§ **Exercise requirements**
Would you transcribe the whole listing exactly and drop its images?

╭─ Data extract

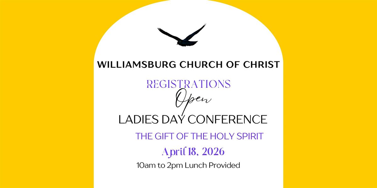Hey Ladies! Join us at WCOC on Saturday April 18, 2026 at 10AM-2PM. Our topic this year is, "The Gift of the Holy Spirit. Get ready for a day filled with engaging speakers, spiritual growth, and more! Don't miss this opportunity to connect and share in God's word at Williamsburg Church of Christ Ladies Day Conference. Reserve your seat in advance!
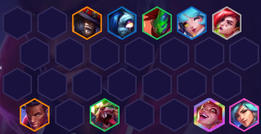 This team revolves around the rapidfire trait, which grants its champions attack speed, with Jinx as the headliner for the rapidfire trait.
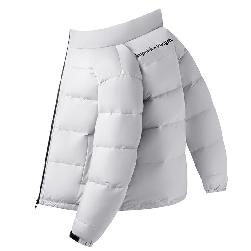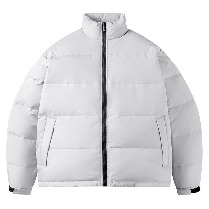 เสื้อแจ็คเก็ตดาวน์สีพื้นคุณภาพสูงปี 2026 ทรงหลวม ไซส์ใหญ่ กันลม อุ่นสบาย
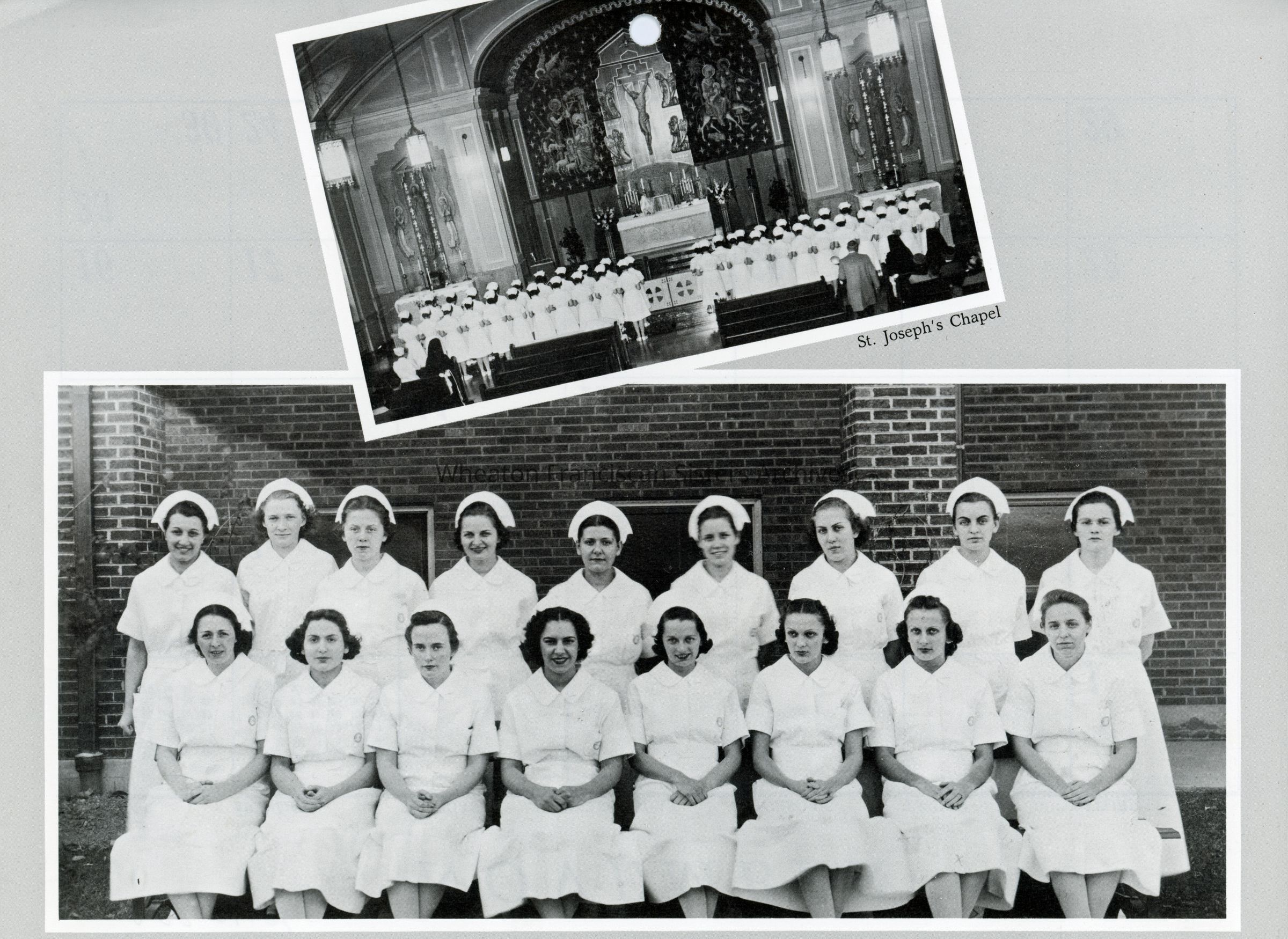 The Marquette University College of Nursing, previously the St. Joseph's Hospital School of Nursing. This image features the graduating class of 1940 and St. Joseph's Chapel.
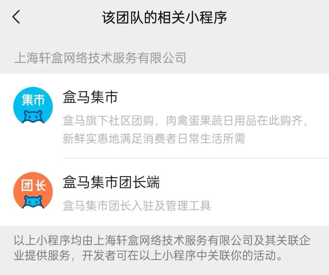 据“盒马集市”开发信息显示,上线于2020年10月上线的“盒马优选”微信小程序在2020年12月1日更名并认证为“盒马集市”,目前盒马入驻微信小程序的主要包括面向消费者的“盒马集市”和面向团长端的“盒马集市团长端”两款小程序——
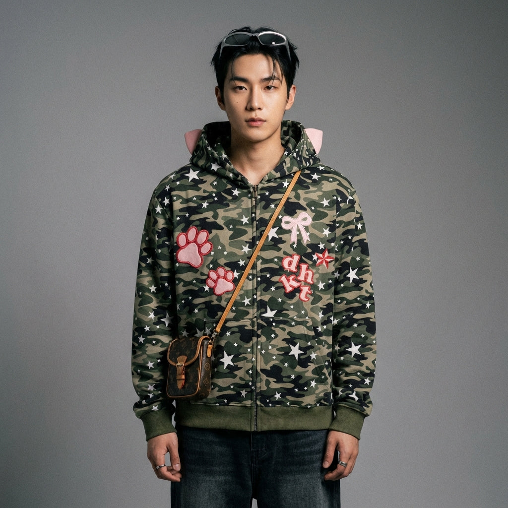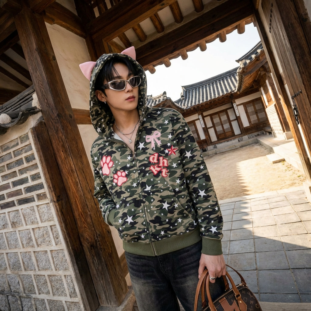 Adotta un look audace e casual con il nostro cardigan con cappuccio unisex, caratterizzato da una stampa mimetica integrale e ricami di impronte stellate. La sua vestibilità ampia assicura un comfort ottimale e uno stile streetwear deciso! ✨

╰─

§ **Exercise response**
Hey Ladies! Join us at WCOC on Saturday April 18, 2026 at 10AM-2PM. Our topic this year is, "The Gift of the Holy Spirit. Get ready for a day filled with engaging speakers, spiritual growth, and more! Don't miss this opportunity to connect and share in God's word at Williamsburg Church of Christ Ladies Day Conference. Reserve your seat in advance!
 This team revolves around the rapidfire trait, which grants its champions attack speed, with Jinx as the headliner for the rapidfire trait.
 เสื้อแจ็คเก็ตดาวน์สีพื้นคุณภาพสูงปี 2026 ทรงหลวม ไซส์ใหญ่ กันลม อุ่นสบาย
 The Marquette University College of Nursing, previously the St. Joseph's Hospital School of Nursing. This image features the graduating class of 1940 and St. Joseph's Chapel.
 据“盒马集市”开发信息显示,上线于2020年10月上线的“盒马优选”微信小程序在2020年12月1日更名并认证为“盒马集市”,目前盒马入驻微信小程序的主要包括面向消费者的“盒马集市”和面向团长端的“盒马集市团长端”两款小程序——
 Adotta un look audace e casual con il nostro cardigan con cappuccio unisex, caratterizzato da una stampa mimetica integrale e ricami di impronte stellate. La sua vestibilità ampia assicura un comfort ottimale e uno stile streetwear deciso! ✨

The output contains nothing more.